As per the data the number of retweets is four times the number of tweets. This trend is seen in most of the data we have collected. It showcases that the twitter works on network effect and followers where an influential person posts his/her thoughts and their followers retweet that particular tweet with their own twist to that particular thought.

Most Popular Twitter User

Social media become the platform for the political ground. On 12th Nov, Swamy39 comes out to the most influential twitter user, this chart has been created using sum of the retweet count for the each user. Next one is BJP4India which is again a BJP twitter handle. This also shows that BJP promotion on GST immediate after the council meet on 11th Nov.

Most Retweeted Tweets

To find out what tweets is resonating most with twitter community, we found out which is the most retweeted tweet. Retweet is similar to sharing in Facebook. When a user retweets a tweet, it is assumed that He/she agrees/endorses the idea in the tweet. However sometimes they can also be showcasing their disagreement/disgust with the retweet hence retweet is highly contextual. This study shows the war of perception that is going on between Congress and BJP to won positive public sentiment. Congress has been vocal in the last two months in criticizing GST as gabbar singh tax (@OfficeofRG) whereas Subramaniam Swamy(@Swamy39) is trying to criticize Congress for its hypocrisy in addition to this Prime minister Narendra Modi is showcasing the openness of the decision-making process by highlighting “Jan Bhagidari” as the core principle of this government

Most Replied/mentioned Twitter Handle

Idea is to find out the twitter handle whose tweets are being retweeted most and they are influencing the twitter opinion. Top Retweeted/Mentioned Twitter handle at the following day shows most of them are from major political parties and journalists.

Influential hash tags

Users create and use hashtags by placing the number sign or pound sign # (also known as the hash character) in front of a string of alphanumeric characters, usually a word or un-spaced phrase, in or at the end of a message. The hashtag may contain letters, digits, and underscores. Searching for that hashtag will yield each message that has been tagged with it. A hashtag archive is consequently collected into a single stream under the same hashtag.

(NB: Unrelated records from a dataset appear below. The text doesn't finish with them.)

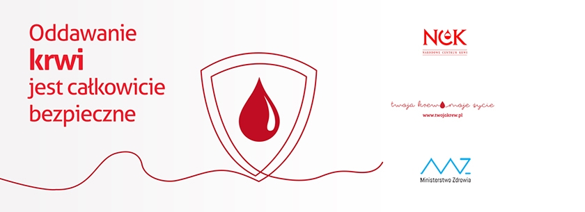 Kampania społeczna "Twoja krew, moje życie" realizowana w ramach programu polityki zdrowotnej pn "Zapewnienie samowystarczalności Rzeczypospolitej Polskiej w krew i jej składniki na lata 2021-2026" finansowana ze środków Ministra Zdrowia.
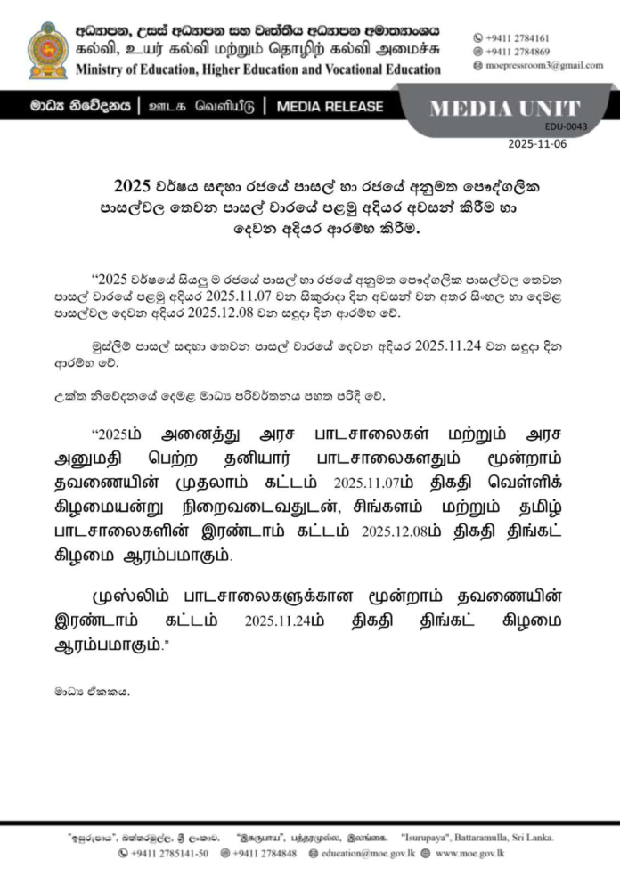 නිවේදනයක් නිකුත් කරමින් එම අමාත්යාංශය පවසන්නේ සිංහල හා දෙමළ පාසල්වල තෙවන පාසල් වාරයේ දෙවන අදියර දෙසැම්බර් 08 වන දින ආරම්භ වීමට නියමිත බවයි.
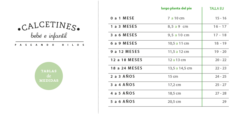 Esta tabla de medidas contiene la medida de la planta del pie y la talla aproximada por edades.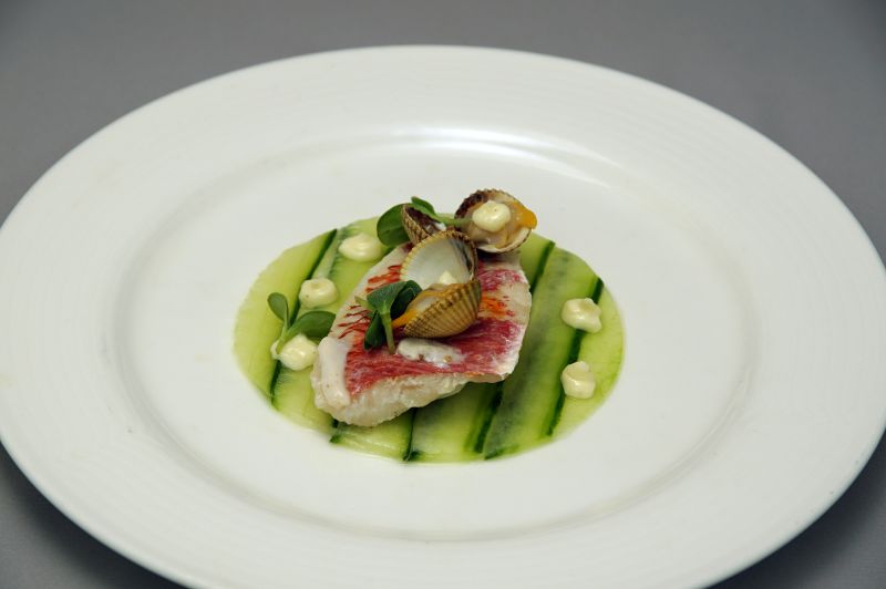 - Leg op iedere komkommercirkel een rode mulfilet met de huid naar boven.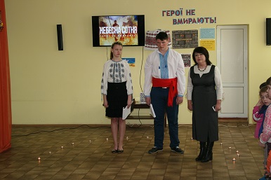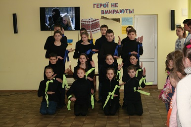 Нікого не залишив байдужим флешмоб у виконанні учнів старших класів під патріотичну пісню В.Вакарчука «Обійми мене». Запаливши свічки та передаючи цей священний вогонь – частинку вічного – один одному, старшокласники мали змогу згуртуватись спільною думкою про силу та волю, мудрість і наснагу для зміцнення власної держави на власній землі.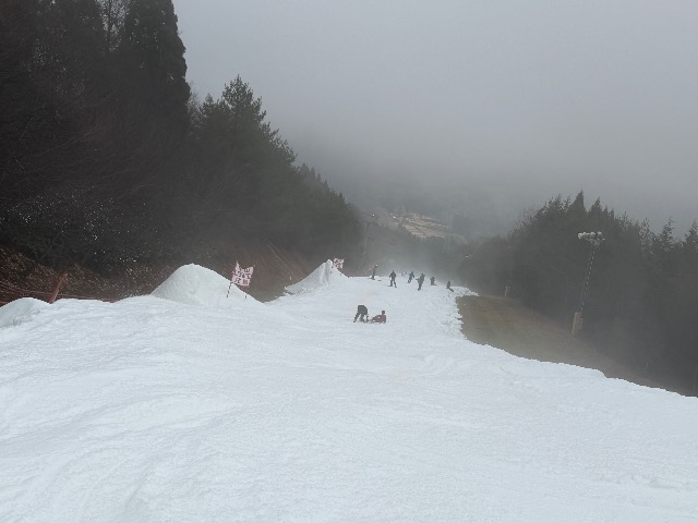 滑走可能な範囲は限られており、狭い路のような中、中・上級コースは人々で混み合っており、ここでハイスピードは出せそうにない。もう少し雪が降ればロングカービングができるようになるだろうけど、寒波襲来を期待したいですね。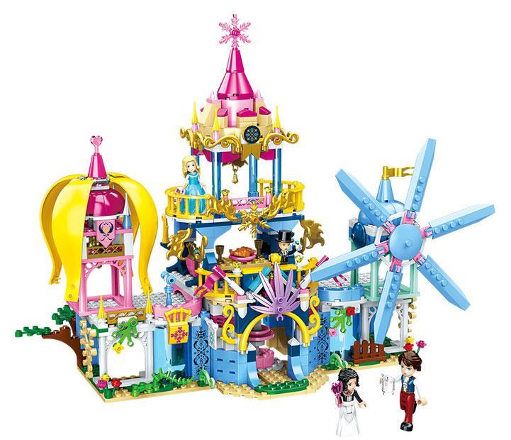 Tòa lâu đài được thiết kế với gam màu chủ đạo là trắng, hồng, xanh dương và vàng, tạo nên một không gian huyền ảo và lung linh. Các chi tiết như tháp nhọn cao vút, cửa sổ lấp lánh, ban công duyên dáng và đặc biệt là cối xay gió khổng lồ màu xanh dương sẽ khiến bé thích thú. Bộ sản phẩm còn đi kèm 3 nhân vật minifigure đáng yêu: một nàng công chúa xinh đẹp trong bộ váy xanh, một chàng hoàng tử lịch lãm và một cô gái nhỏ với mái tóc đen. Bé có thể hóa thân thành những nhân vật này, tạo ra những câu chuyện phiêu lưu kỳ thú.

Top 15 hash tags as expected has #GST as the top hash tag. Other important tags coming out on this particular day are #DEMONETISATION, #CHITRAKOOT, #GSTCOUNCILMEET & #GSTCOUNCIL.

Chitrakoot by-election happened on 9th November and the seat was retained by Congress in a state that is currently ruled by BJP and hence was one of the major discussion points on this date.

Most replied Screen Names or Users

Replies are responses posted in specific purpose to someone’s Twitter post. Thus, you can respond to posts to be in touch with followers as well as follow someone on Twitter. Replying is a good and comfortable way to have conversations with many people and share ideas as well as information.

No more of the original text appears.